(Data block Opens)
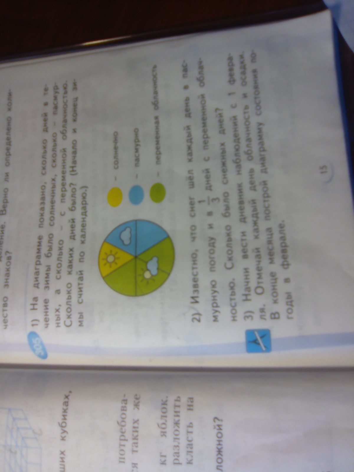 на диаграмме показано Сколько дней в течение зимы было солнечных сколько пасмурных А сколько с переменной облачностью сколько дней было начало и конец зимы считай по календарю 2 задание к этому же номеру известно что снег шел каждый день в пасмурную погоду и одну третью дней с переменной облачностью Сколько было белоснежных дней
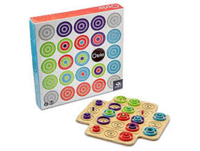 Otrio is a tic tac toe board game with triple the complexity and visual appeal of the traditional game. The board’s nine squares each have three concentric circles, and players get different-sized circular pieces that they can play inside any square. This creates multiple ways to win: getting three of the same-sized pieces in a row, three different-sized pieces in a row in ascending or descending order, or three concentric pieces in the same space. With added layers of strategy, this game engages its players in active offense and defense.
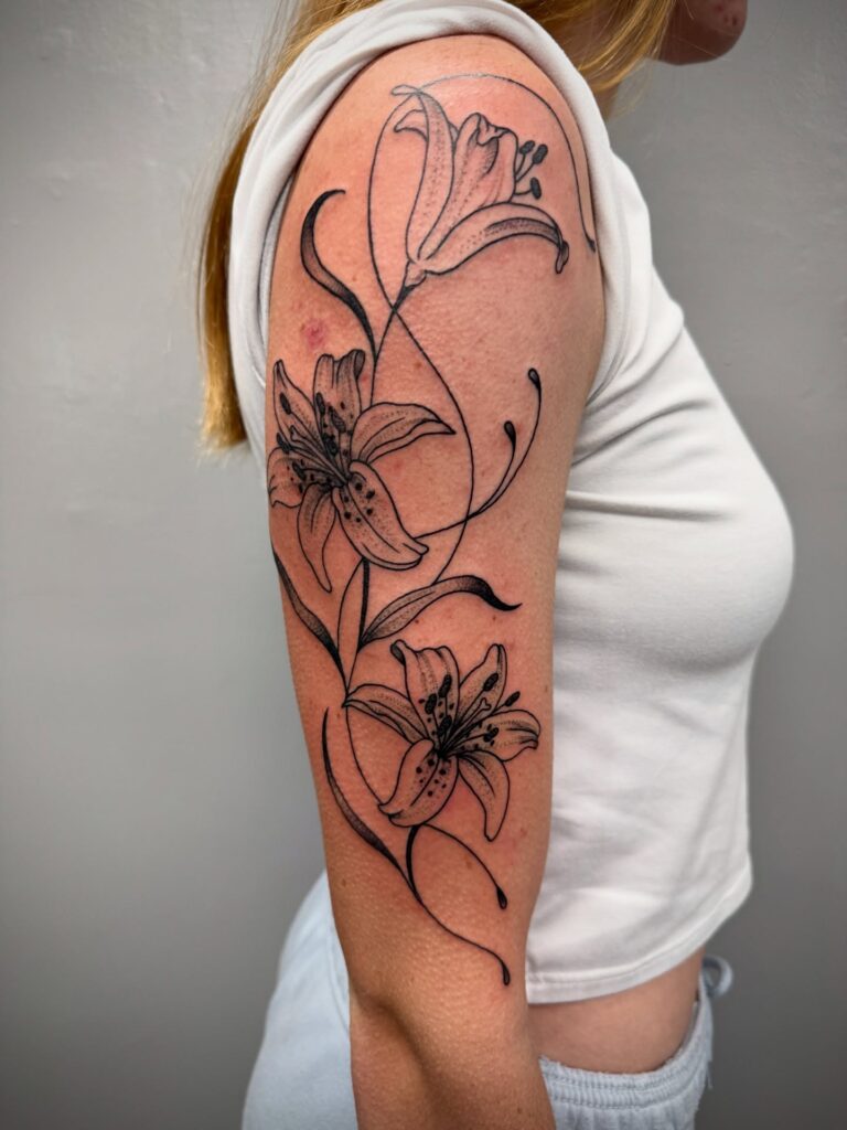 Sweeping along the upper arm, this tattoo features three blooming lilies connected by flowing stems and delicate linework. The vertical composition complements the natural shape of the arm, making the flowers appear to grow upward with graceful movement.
(Data block Closes)
Your assignment.
Please give back the material above exactly as written, pictures omitted.

Answer section.
 на диаграмме показано Сколько дней в течение зимы было солнечных сколько пасмурных А сколько с переменной облачностью сколько дней было начало и конец зимы считай по календарю 2 задание к этому же номеру известно что снег шел каждый день в пасмурную погоду и одну третью дней с переменной облачностью Сколько было белоснежных дней
 Otrio is a tic tac toe board game with triple the complexity and visual appeal of the traditional game. The board’s nine squares each have three concentric circles, and players get different-sized circular pieces that they can play inside any square. This creates multiple ways to win: getting three of the same-sized pieces in a row, three different-sized pieces in a row in ascending or descending order, or three concentric pieces in the same space. With added layers of strategy, this game engages its players in active offense and defense.
 Sweeping along the upper arm, this tattoo features three blooming lilies connected by flowing stems and delicate linework. The vertical composition complements the natural shape of the arm, making the flowers appear to grow upward with graceful movement.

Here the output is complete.